Cargo turns an Uber drive into an in-car convenience store

A new start-up is allowing some Uber users to kill two birds with one stone: Hailing a ride while checking off their shopping lists.

Cargo, a convenience store on the go, is giving Uber drivers the ability to sell items like snacks, beauty products and phone chargers from a console box located in the center of the vehicle. The company currently is active in nine cities, including New York, Atlanta, Dallas, San Francisco and Los Angeles. Through a partnership with Grab, Cargo currently has over 7,000 boxes on the road and is live in nine cities in the U.S. as well as internationally.

In a few cities like San Francisco and Los Angeles, drivers are able to pick up Cargo at Uber’s Greenlight Hubs, where car operators come for on-boarding and personalized help. For its part, Uber hopes that the console, which is free for drivers to use, will help them earn extra income.

The company, founded by CEO Jeff Cripe and Jasper Wheeler in 2016, raised their initial seed round, $1.75 million through Techstars. This year, Cargo raised an additional $5.5 million from CRCM Ventures and eighteen94 capital, part of Kellogg’s venture capital fund.

In an interview, Cripe compared his product to Boingo — which provides Internet service at airports — and Panasonic Avionics, which allows video streaming on airplanes.

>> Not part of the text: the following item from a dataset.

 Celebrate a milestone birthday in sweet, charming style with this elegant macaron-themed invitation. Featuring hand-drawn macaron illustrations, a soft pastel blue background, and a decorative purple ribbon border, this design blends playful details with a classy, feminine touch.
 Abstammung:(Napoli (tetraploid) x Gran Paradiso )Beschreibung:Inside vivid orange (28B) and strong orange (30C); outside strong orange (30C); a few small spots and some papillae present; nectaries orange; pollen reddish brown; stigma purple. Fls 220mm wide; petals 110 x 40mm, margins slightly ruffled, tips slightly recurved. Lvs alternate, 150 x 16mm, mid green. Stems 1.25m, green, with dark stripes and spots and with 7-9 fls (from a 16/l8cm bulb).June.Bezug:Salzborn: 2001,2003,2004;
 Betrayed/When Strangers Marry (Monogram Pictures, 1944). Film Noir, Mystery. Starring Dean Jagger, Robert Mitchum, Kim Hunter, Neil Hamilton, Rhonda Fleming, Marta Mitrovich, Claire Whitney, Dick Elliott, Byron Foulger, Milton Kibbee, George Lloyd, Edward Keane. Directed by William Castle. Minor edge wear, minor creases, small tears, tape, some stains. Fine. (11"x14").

And much like startups who disrupted airplane service delivery, Cargo hopes to achieve the same for cars, especially as the industry prepares for a driverless future. For now, the company sees itself as a provider of food, but in the future expects to branch out to entertainment and beyond.

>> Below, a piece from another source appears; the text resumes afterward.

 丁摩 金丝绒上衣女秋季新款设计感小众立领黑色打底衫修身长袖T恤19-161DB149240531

“You look at the airline industry and you think back to your last flight and you realize, ‘Wow, there was a big multi billion dollar company that provided me with all the snacking and beverage services on that flight.” Cripe told CNBC.

“All these things provide comfort, productivity and entertainment,” he added. “It’s really things that passengers want and opt into because they’re a passive audience.”